Two Rajput battalions experienced intense fighting in the North-East Frontier Agency (NEFA) in 1962. The 2nd Rajput Battalion, under the command of Lt. Col. M.S. Rikh, was stationed at Walong in early 1962 and was relocated to the banks of the Namka Chu river by the 10th October as part of the 7th Infantry Brigade. The brigade was stretched out on a twelve-mile front along the Namka Chu, with a marching time of five days from one end to the other. The site chosen for their defences was forced upon them by the corps commander, who was working directly with the political authorities instead of the military chain of command. The battalion took up hastily erected defensive positions along the Namka Chu. The battalion was deployed in a trackless wilderness, where no mules could go and no civilian population lived. Lack of winter clothing added to the difficulties. By the time the fighting commenced, Chinese forces had occupied all the heights in the area. A massive assault came on the Rajput front and in the fierce fighting that ensured, the battalion repulsed a number of determined attacks. The positions were soon enveloped from both sides and the battalion was cut off.

At the temporary bridge, Naik Roshan Singh's section maintained its position till every man was killed. Subedar Dasrath Singh's platoon was reduced to seven men and had exhausted its ammunition in repulsing three Chinese attacks. When the fourth Chinese attack came the Rajputs fixed bayonets and charged. In the ensuing hand-to-hand fighting four men were killed and the three survivors all seriously wounded were captured. Jemadar Bose's platoon was left with only 10 men after halting three Chinese attacks. The platoon then fixed bayonets and charged. He along with most of his platoon were killed.
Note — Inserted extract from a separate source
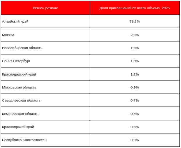 Анализ более 774,2 тыс. приглашений, которые работодатели в Алтайском крае отправили с начала 2025 года, показывает, что местные компании в первую очередь стараются рассматривать кандидатов из родного региона. Львиную долю приглашений компании адресовали местным соискателям: это более 610 тыс. или 78,8% от всего объема приглашений на работу.

Major B.K. Pant's company held fast against three waves of Chinese assaults and had suffered heavy casualties. Pant himself was wounded in the stomach and legs, yet he continued to lead his men, exhorting them to fight till the end to the last man. The Chinese forces, realizing that Major Pant was the key obstacle to capturing 2 Rajput's position, they unleashed a barrage of machine-gun fire towards his position, killing him instantly. His last words were "Men of the Rajput Regiment, you were born to die for your country. God has selected this small river for which you must die. Stand up and fight like true Rajputs." He died shouting the Rajput war cry, "Bajrang Bali ki Jai". Major Pant's company of 112 men had 82 killed and wounded.
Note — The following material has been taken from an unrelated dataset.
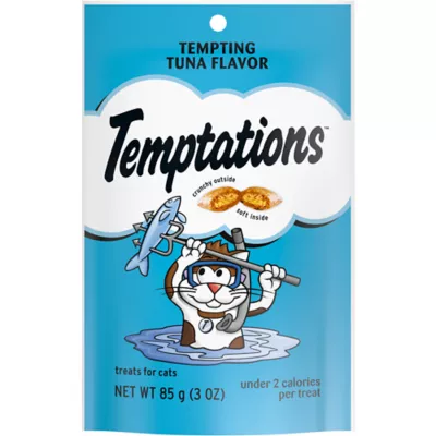 Cats love the delicious, crunchy taste of Temptations, so give your cat purr-worthy Temptations Classic Crunchy and Soft Cat Treats Tempting Tuna Flavor, and they'll come running the moment you open the pack. Each of these tuna-flavored cat treats has less than 2 calories and provides an irresistible combination of both crunchy and soft textures. They also come in a stay-fresh pouch, so your feline friend can enjoy their favorite cat snack when you open it, but not when they shouldn't! These Temptations Classic Cat Treats are a perfect addition to your cat's regular feeding routine: Use them as a treat, a meal, or a cat food topper. Temptations Classic Cat Treats are the purr-fect way to show your feline friend how much you care.

No one from B, C or D Companies was awarded any gallantry medal, as there was no one left to write the citations, because there was no officer who was not killed or seriously wounded and taken POW. When the commanding officer, Lt. Col. M.S. Rikh was released from the POW camp, he wrote up the citations but the Indian government and Ministry of Defence did not act upon them. There is a memorial erected to those who fought at Namka Chu, which is a tin shed with names still missing from it and names of people who were not present there have been put up.
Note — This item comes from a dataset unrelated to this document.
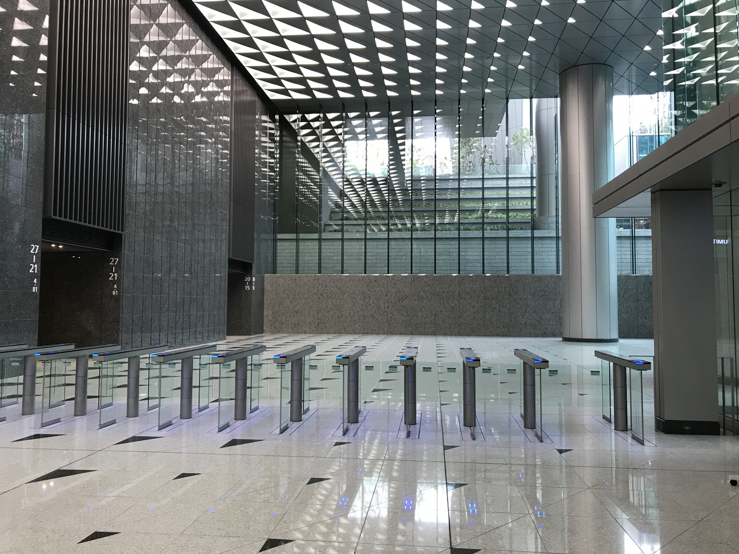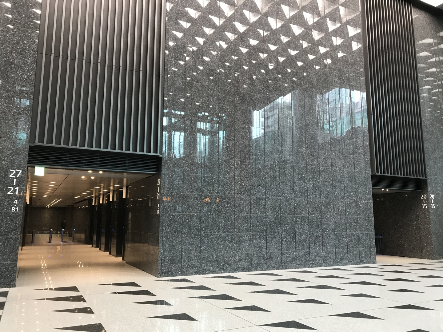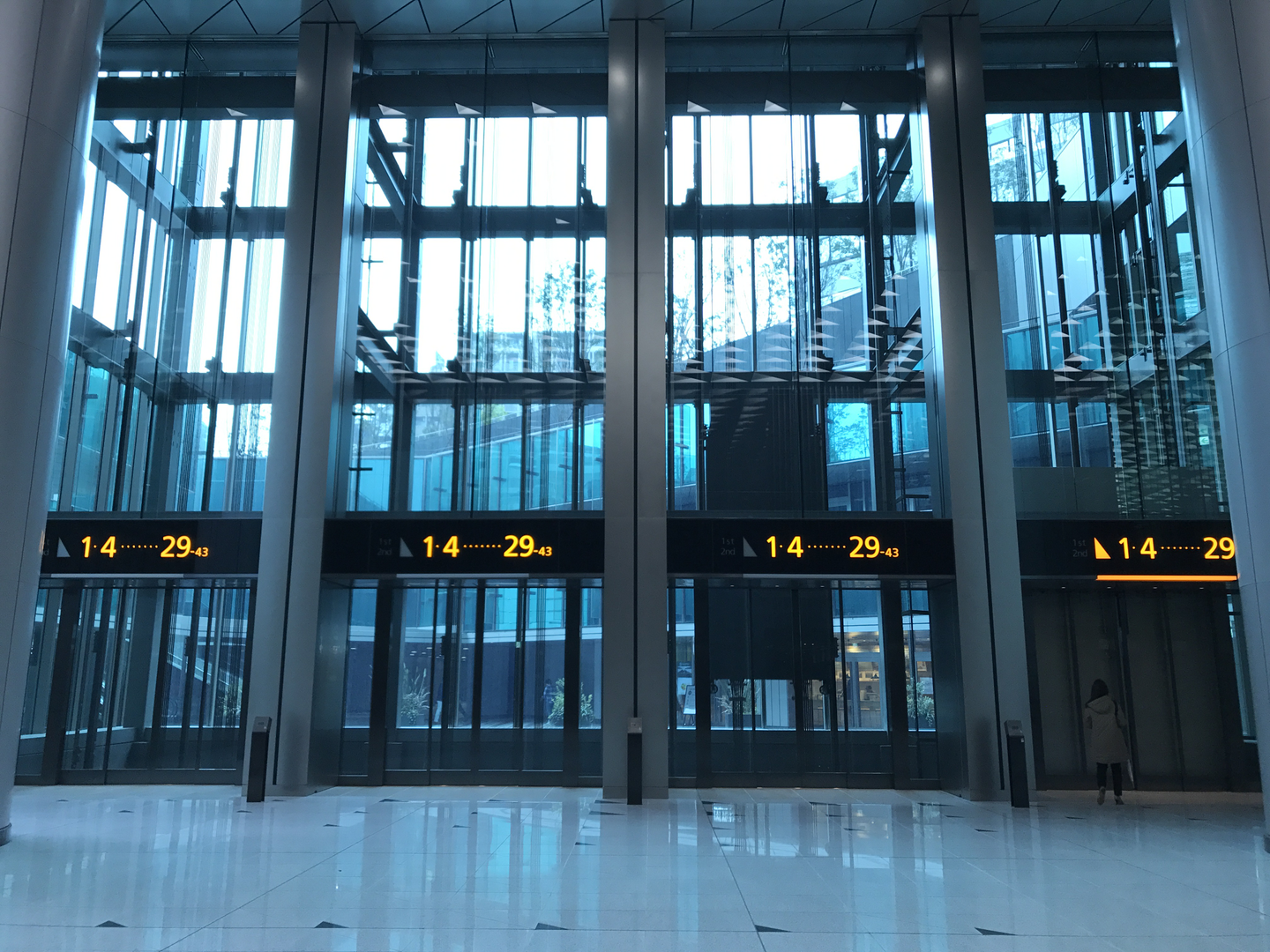 でかいのが4つ、4機?あります。このエレベーター日本1の大きさらしいですよ、人を載せるためのものだと。右にいるおねえさんとの対比で大きさはなんとなく伝わるでしょうか。

Out of 513 all ranks of 2nd Battalion Rajput in battle, 282 were killed and 81 were wounded and captured. 90 others were taken prisoners when they tried to break out. Only 60 other ranks, mostly from the administrative elements, got back.

4th Battalion Rajput under Lt. Col. B. Avasthi was in the Sela-Bomdila area and it too had to face heavy odds. There were conflicting views among the senior commanders. The brigade commander wanted to hold Sela, but the divisional commander wanted to fall back. The divisional commander and the corps commander both agreed to withdraw. This led to total chaos during the retreat as the Chinese had bypassed many positions and ambushed parties of the soldiers withdrawing in a number of places. The battalion broke up into a number of parties, one led by Lt. Col. Avasti was ambushed, and he was killed along with 300 men.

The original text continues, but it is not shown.